What parts do we disagree with?1. Multiple reactors are down and Japan is saying they are undergoing "partial" meltdowns.2. In one reactor they are destroying it in place by dumping sea water on it as a "hail mary" to cool it down.3. The steam they are creating has to be radioactive (contains cesium) and they are venting that into the air.4. 160,000+ people have been evacuated in a 12 mile radius.6. At least 4 reactors look like they will never be brought back up.7. Hydrogen explosions have happened in one and is predicted in at least a second reactor. The one explosion was so strong that it blew apart the concrete and reinforced steel casing, yet magically did not damage any of the containment facility.8. It's completely safe, but I keep seeing pictures of people from the government in full body suits.9. The energy company in control of this has had multiple violations in the past for not releasing factual info.Again I think I have the same news as everyone. These reactors are in deep trouble. I remain hopeful that they can contain the radiation. That's the best case right now and I hope it completely plays out where people will not be exposed to radiation.

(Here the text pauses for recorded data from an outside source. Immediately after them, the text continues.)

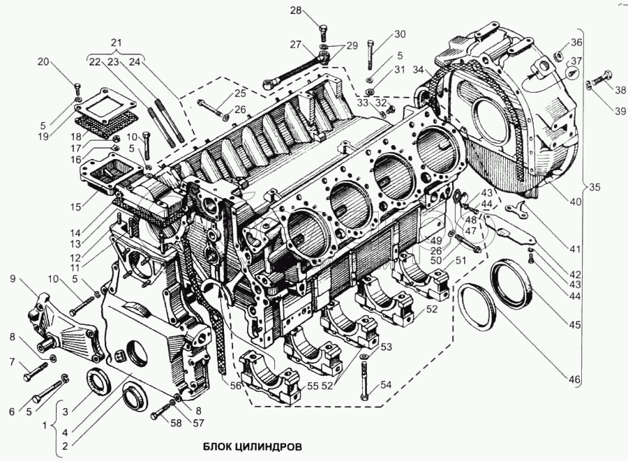 Каталог запасных частей к технике: ЯМЗ-7511. Блок цилиндров
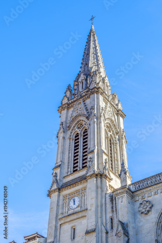 Santiago Cathedral Gothic Tower and Clock in Bilbao, Landmark in Casco Viejo, Spain
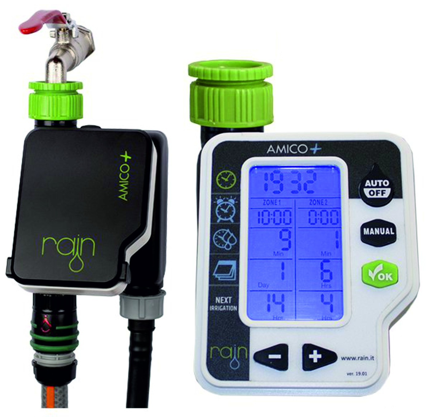 Sterownik nakranowy Amico 2 + TM został sprawdzony jako najbardziej przyjazny dla użytkownika oraz wysokiej jakości produkt na rynku. Korzystając z tego samego programowania co Amico+, Amico 2 + pozwala ustawić dwa różne zawory, całkowicie niezależnie. Podświetlany ekran oraz duże znaki umożliwiają zaprogramowanie sterownika zarówno za dnia jak i w nocy.
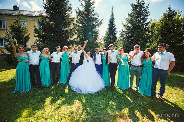 Одинаковые наряды в цвет свадьбы превосходно дополняют общий стиль свадьбы и выглядят стильно.
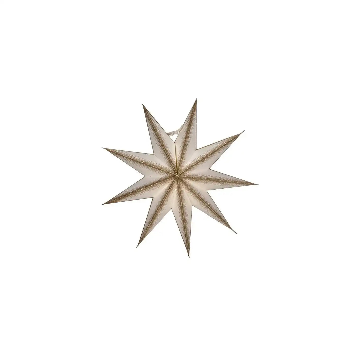 De handgemaakte ster is gemaakt van stevig papier met fijne kunststof details. De gebroken witte basis wordt elegant aangezet met champagnekleurige glitter, waardoor het licht prachtig wordt weerkaatst. Met een diameter van 30 cm en een breedte van 10,5 cm komt ze mooi tot haar recht voor het raam of aan de muur.
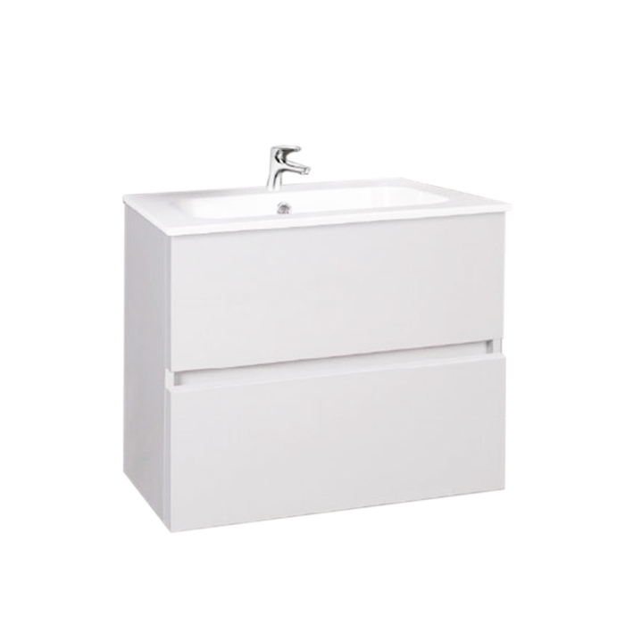 Are un corp din MDF cu grosimea de 15 mm și o suprafață albă lăcuită lucioasă, o față din MDF cu grosimea de 18 mm și o suprafață albă lăcuită lucioasă și un sistem de închidere silențioasă a sertarelor. Îl livrăm asamblat plat. Robinetul și sifonul nu sunt incluse.
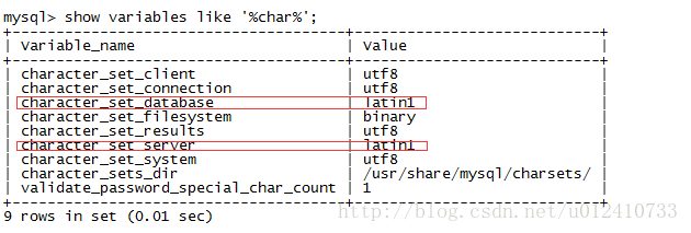 我們可以看到表的默認字符集是latin1.
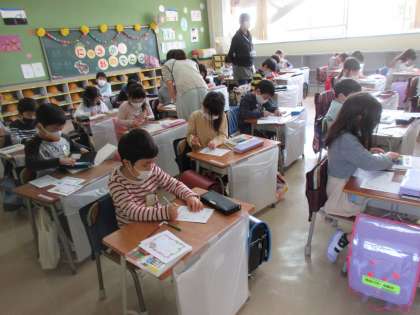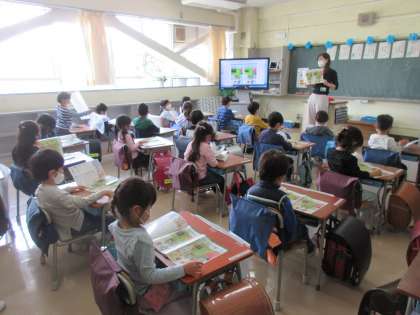 1年生の学習も少しずつ進んできました。教科書を使って算数の学習をしたり、生活科でカードを書いたりしていました。図書の時間では図書の先生が読み聞かせをしてくれていました。
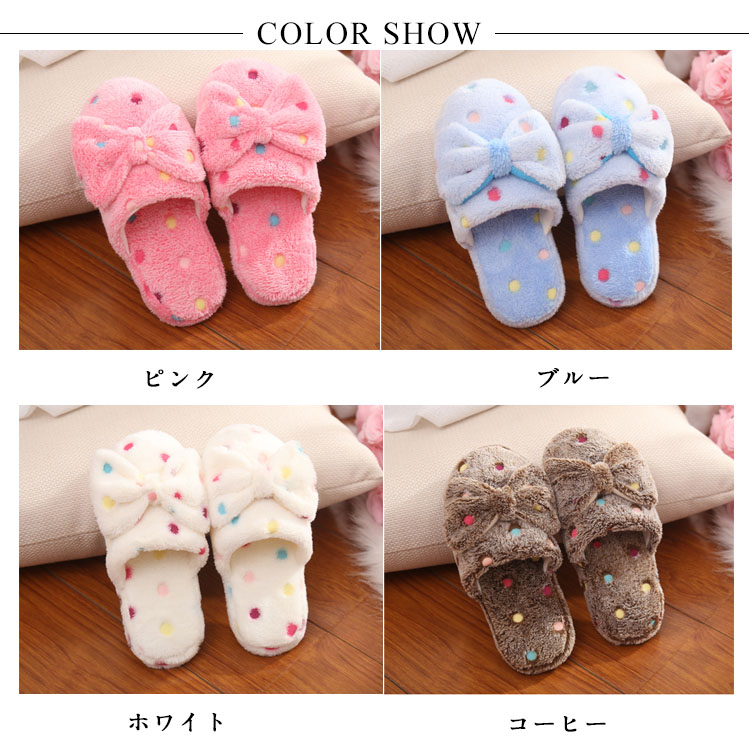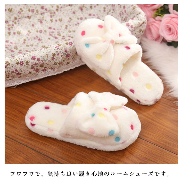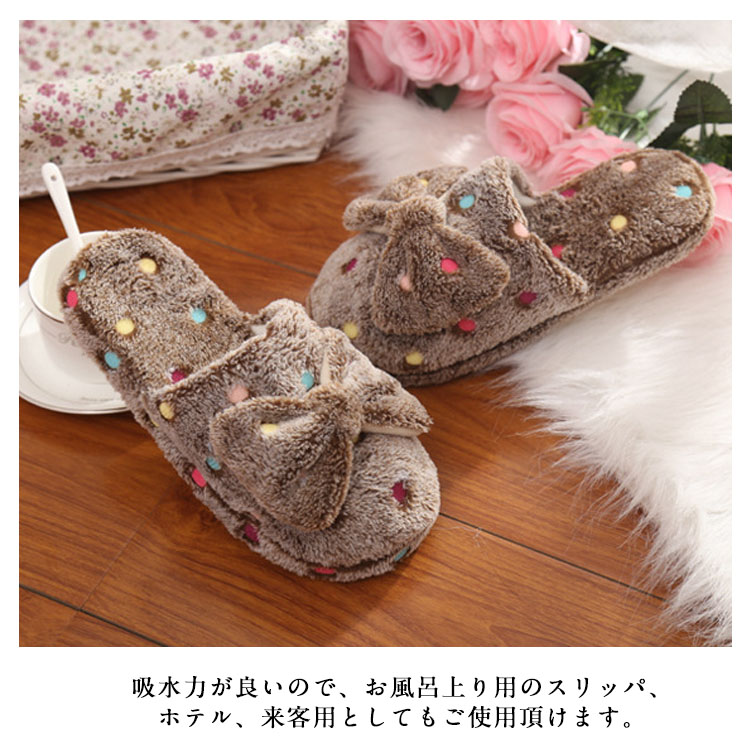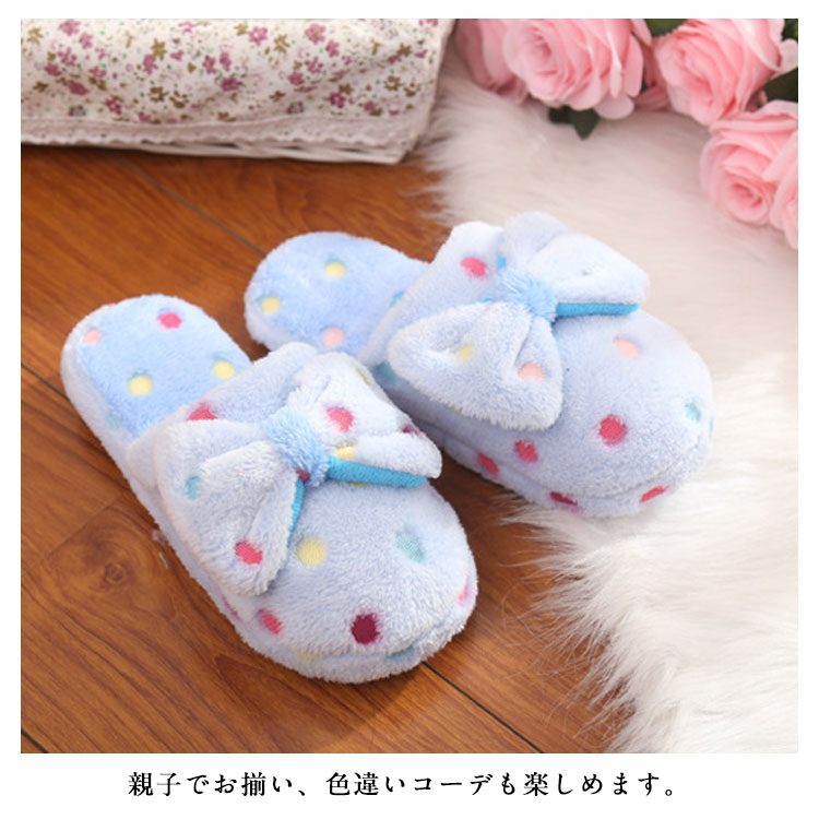| かわいいリボン付きで女子力UPします。フワフワで、気持ち良い履き心地のルームシューズです。親子でお揃い、色違いコーデも楽しめます。吸水力が良いので、お風呂上り用のスリッパ、ホテル、来客用としてもご使用頂けます。 | |
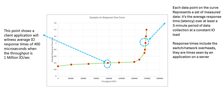 响应曲线绘制的是每秒输入/输出 (IOPS) 与延迟之间的关系。从图表的左下角开始,预期随着向存储系统的队列深度增加,IOPS 也会增加。在曲线的某个点,也称为拐点,这是饱和点,此时吞吐量不再增加,并且将额外的工作添加到存储系统队列只会增加延迟。 这就是产生曲线“曲棍球棒”形状的原因。
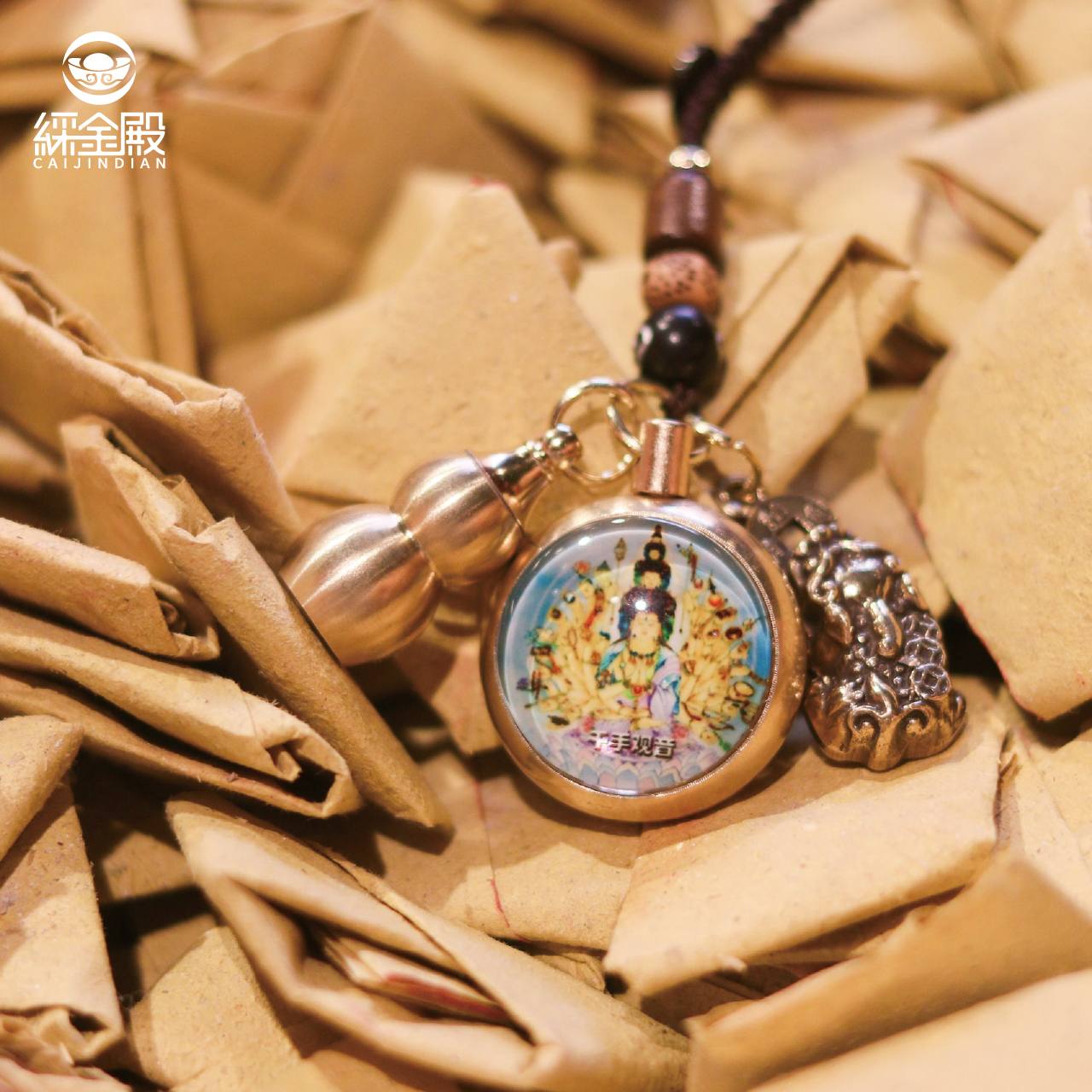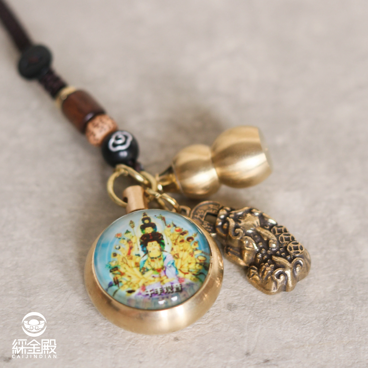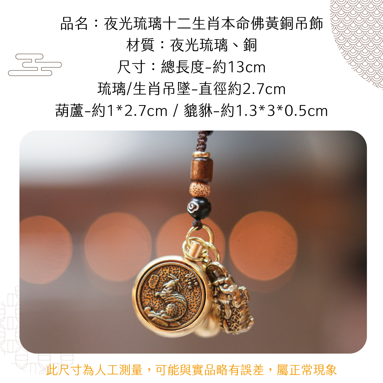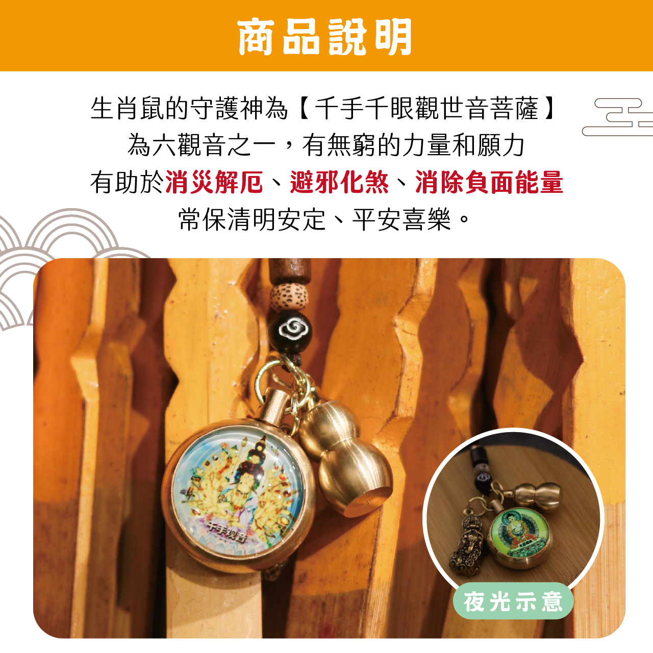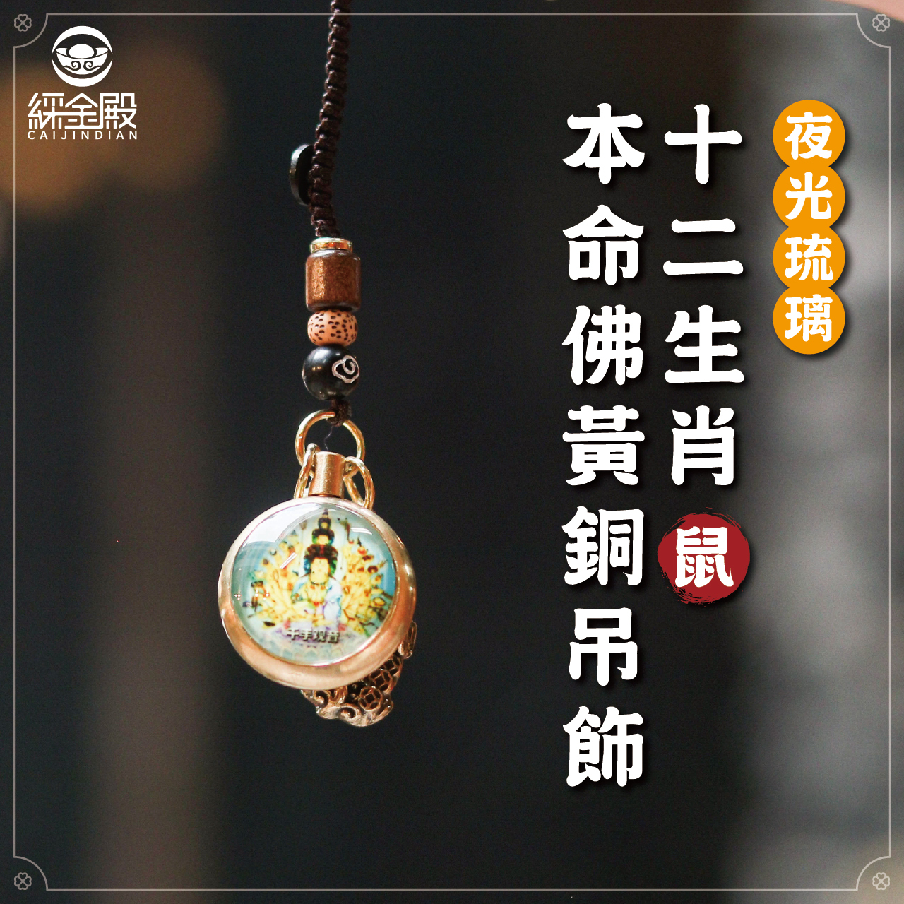 生肖鼠-夜光琉璃十二生肖本命佛黃銅吊飾|千手千眼觀世音菩薩|掛件|護身|生肖|轉運【綵金殿】

What you seem to be paying attention to is the spin, and a lot of statements made by people like Amy (I think it was) that are not correct. This is not time for emotional handwringing, Are the reactors in deep trouble? Yeah, they are toast. The job now is to keep them cool while the daughter products decay. Thus the need for seawater to cool it, and frankly, the need to replace that seawater when it gets hot to the point where it is no longer cooling the reactor. It is obvious that some fuel rods are leaking. Is it dangerous? Potentially. Worst case is that the fuel melts and collects on the reactor floor (which is designed not to melt) where it will cool. Should very conservative precautions be taken? Yes.Will we have a Chernobyl "dirty bomb" or a China Syndrome? Don't see it happening. If there is a breach, will I be rushing to buy iodine tablets (I live in Washington State). Nope.The real danger here is that emotional reaction like you are exhibiting will destroy a necessary energy source. And this isn't even getting into the difference between these plants and safer, more modern ones. Nuclear is still a great alternative to a coal-fired plant. The irrational fear being generated by the media (and I'll even include Fox in that statement) is going to destroy an industry that we need if we want to wean ourselves from Arab oil.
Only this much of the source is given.